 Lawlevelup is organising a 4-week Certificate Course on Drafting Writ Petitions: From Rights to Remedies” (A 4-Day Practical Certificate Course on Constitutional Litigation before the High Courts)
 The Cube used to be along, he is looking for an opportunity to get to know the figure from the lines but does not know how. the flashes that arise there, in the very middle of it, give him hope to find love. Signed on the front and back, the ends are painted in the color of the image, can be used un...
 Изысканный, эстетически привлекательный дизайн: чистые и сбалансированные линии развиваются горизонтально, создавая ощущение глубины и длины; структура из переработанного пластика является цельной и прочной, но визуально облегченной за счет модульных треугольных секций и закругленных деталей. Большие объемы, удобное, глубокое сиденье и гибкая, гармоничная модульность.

++++

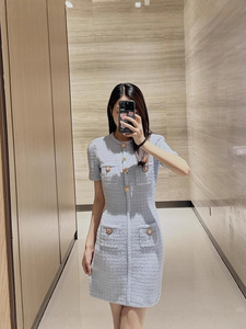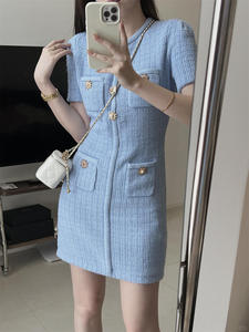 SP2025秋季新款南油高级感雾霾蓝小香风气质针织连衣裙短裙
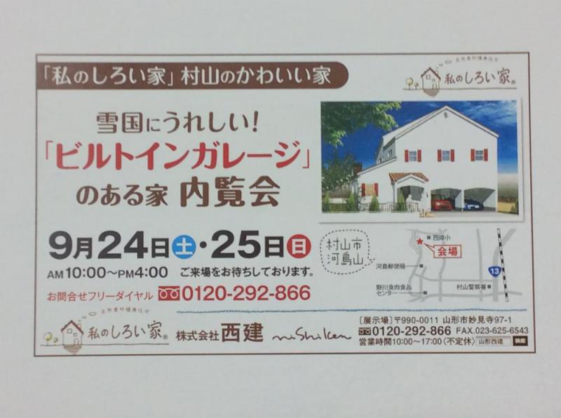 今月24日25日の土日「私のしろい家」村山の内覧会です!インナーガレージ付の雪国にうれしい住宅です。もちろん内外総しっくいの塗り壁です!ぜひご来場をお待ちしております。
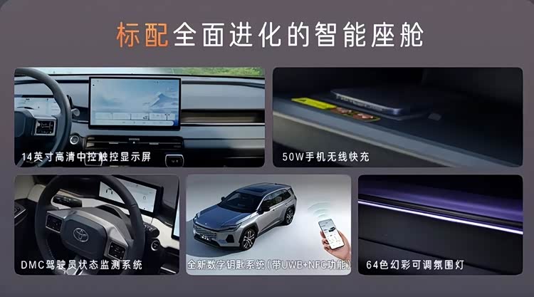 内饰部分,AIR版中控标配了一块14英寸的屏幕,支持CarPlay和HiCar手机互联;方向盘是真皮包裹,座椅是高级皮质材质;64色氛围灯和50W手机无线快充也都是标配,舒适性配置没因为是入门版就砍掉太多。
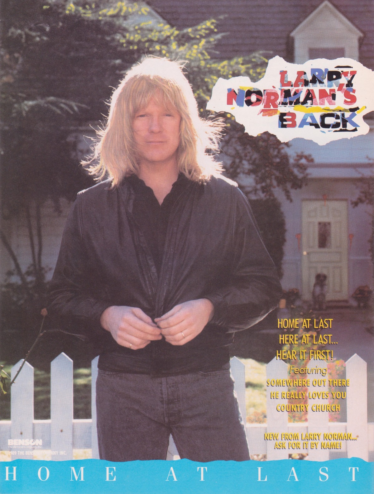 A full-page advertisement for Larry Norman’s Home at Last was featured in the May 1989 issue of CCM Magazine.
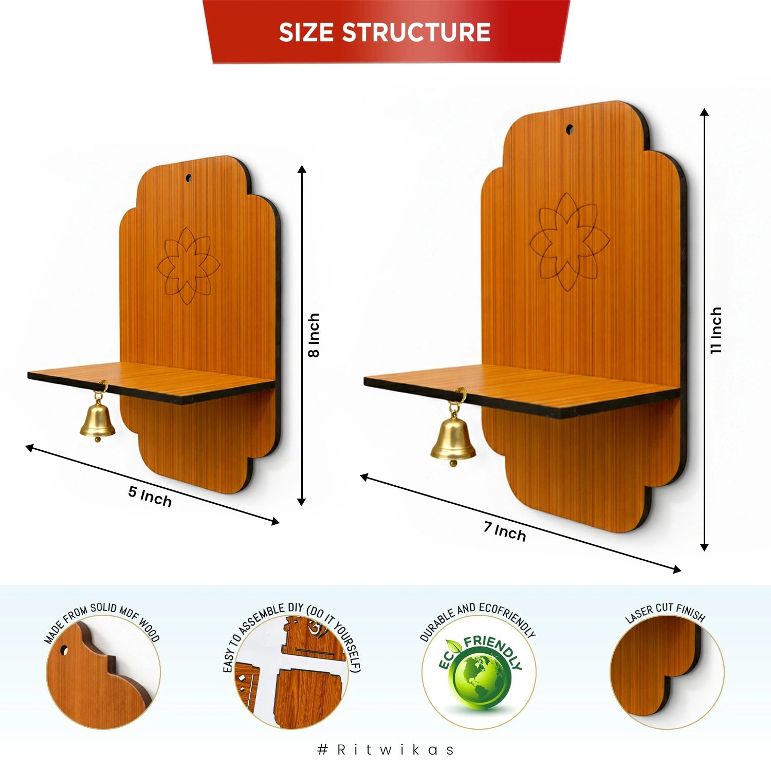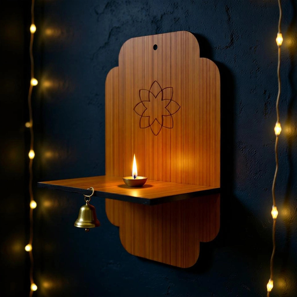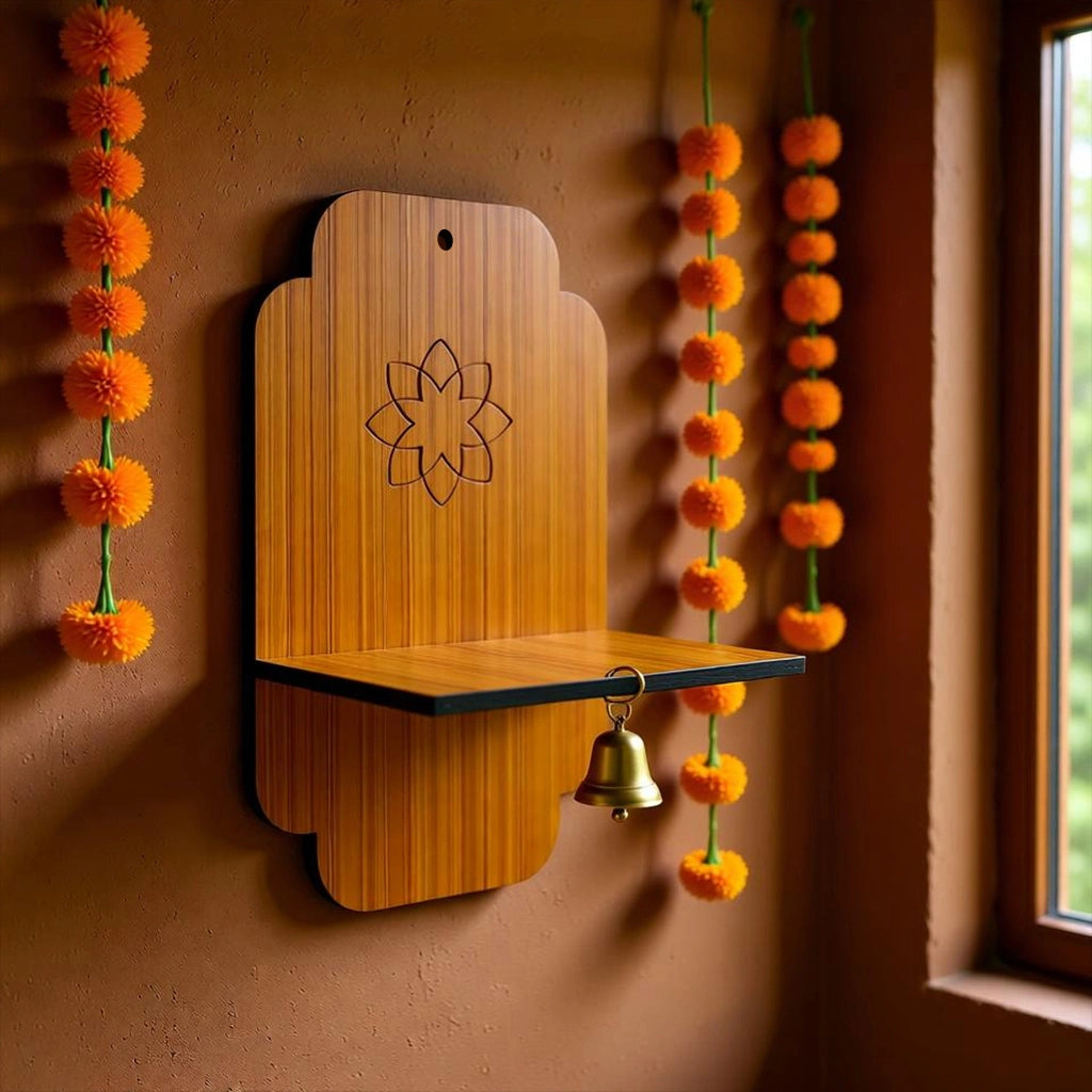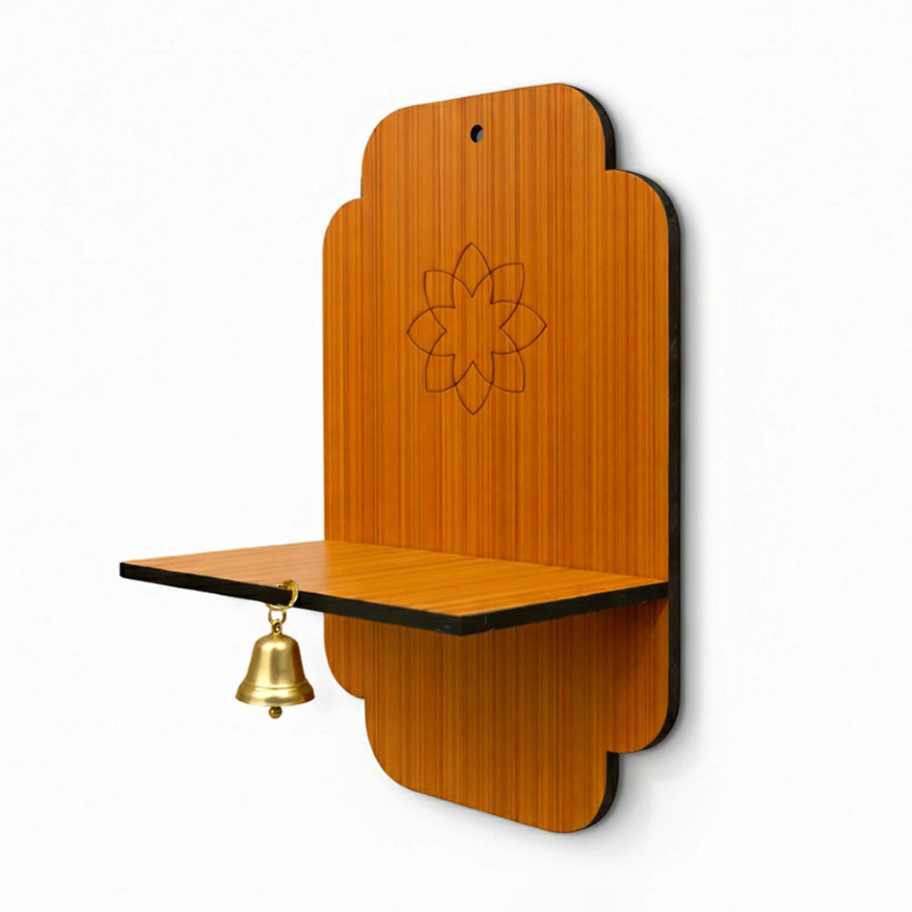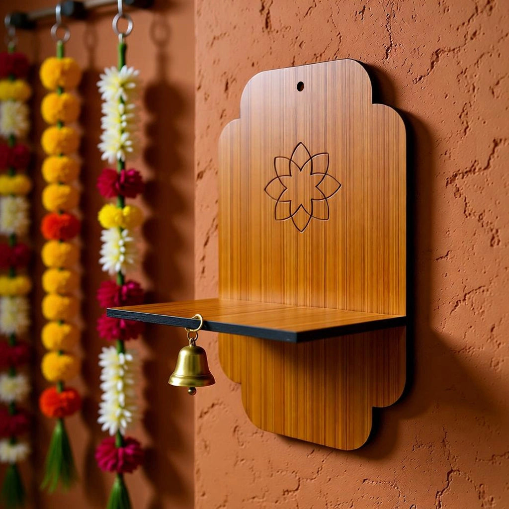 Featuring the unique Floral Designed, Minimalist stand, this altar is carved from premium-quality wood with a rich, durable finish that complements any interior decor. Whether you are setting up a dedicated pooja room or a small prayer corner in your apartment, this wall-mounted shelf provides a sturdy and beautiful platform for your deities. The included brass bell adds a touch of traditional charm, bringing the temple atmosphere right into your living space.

++++

From the records above, output only the lines starting at the one containing "内饰部分,AIR版中控标配了" and ending at the one containing "Featuring the unique", word for word. Pictures stay out.

• Exercise output:
 内饰部分,AIR版中控标配了一块14英寸的屏幕,支持CarPlay和HiCar手机互联;方向盘是真皮包裹,座椅是高级皮质材质;64色氛围灯和50W手机无线快充也都是标配,舒适性配置没因为是入门版就砍掉太多。
 A full-page advertisement for Larry Norman’s Home at Last was featured in the May 1989 issue of CCM Magazine.
 Featuring the unique Floral Designed, Minimalist stand, this altar is carved from premium-quality wood with a rich, durable finish that complements any interior decor. Whether you are setting up a dedicated pooja room or a small prayer corner in your apartment, this wall-mounted shelf provides a sturdy and beautiful platform for your deities. The included brass bell adds a touch of traditional charm, bringing the temple atmosphere right into your living space.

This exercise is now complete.